PyCaret is \*\*simple and easy to use. \*\*All the operations performed in PyCaret are sequentially stored in a **Pipeline** that is fully automated for \*\*deployment. \*\*Whether it’s imputing missing values, one-hot-encoding, transforming categorical data, feature engineering, or even hyperparameter tuning, PyCaret automates all of it. To learn more about PyCaret, watch this 1-minute video.

### KNIME

[KNIME Analytics Platform](https://www.knime.com/knime-analytics-platform) is open-source software for creating data science. Intuitive, open, and continuously integrating new developments, KNIME makes understanding data and designing data science workflows and reusable components accessible to everyone.

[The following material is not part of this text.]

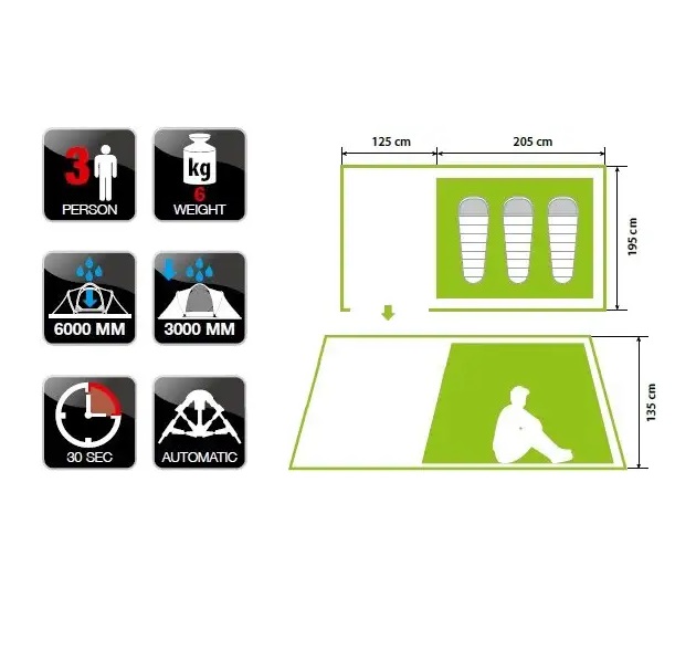 Розміри, ДхШхВ: (125 205)x195x135 см (зовнішній тент), 200х180х120 см (внутрішній намет)
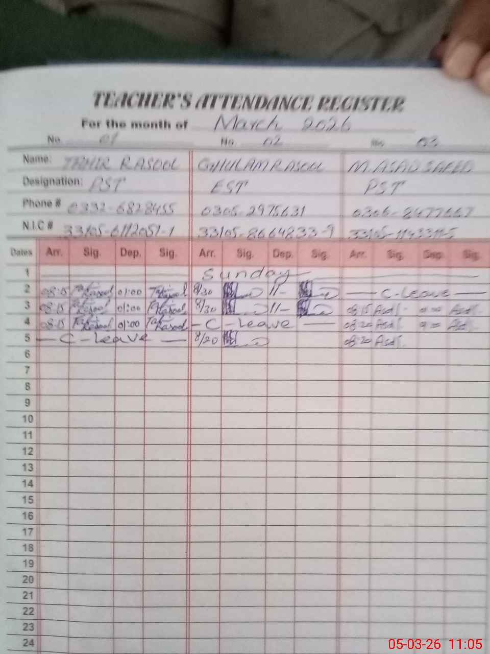 | CNIC | Full Name | Designation | R/C | Absence during last cal. month |

KNIME Analytics platform is one of the most popular open-source platforms used in data science to automate the data science process. KNIME has thousands of nodes in the node repository which allows you to drag and drop the nodes into the KNIME workbench. A collection of interrelated nodes creates a workflow that can be executed locally as well as can be executed in the KNIME web portal after deploying the workflow into the KNIME server.

![KNIME Analytics Platform — Creating Data Science](https://cdn-images-1.medium.com/max/2000/0*ct-Ux9jTTyDYyYHZ)

### Installation

For this tutorial, you will need two things. The first one being the KNIME Analytics Platform which is a desktop software that you can download from [here](https://www.knime.com/downloads). Second, you need Python.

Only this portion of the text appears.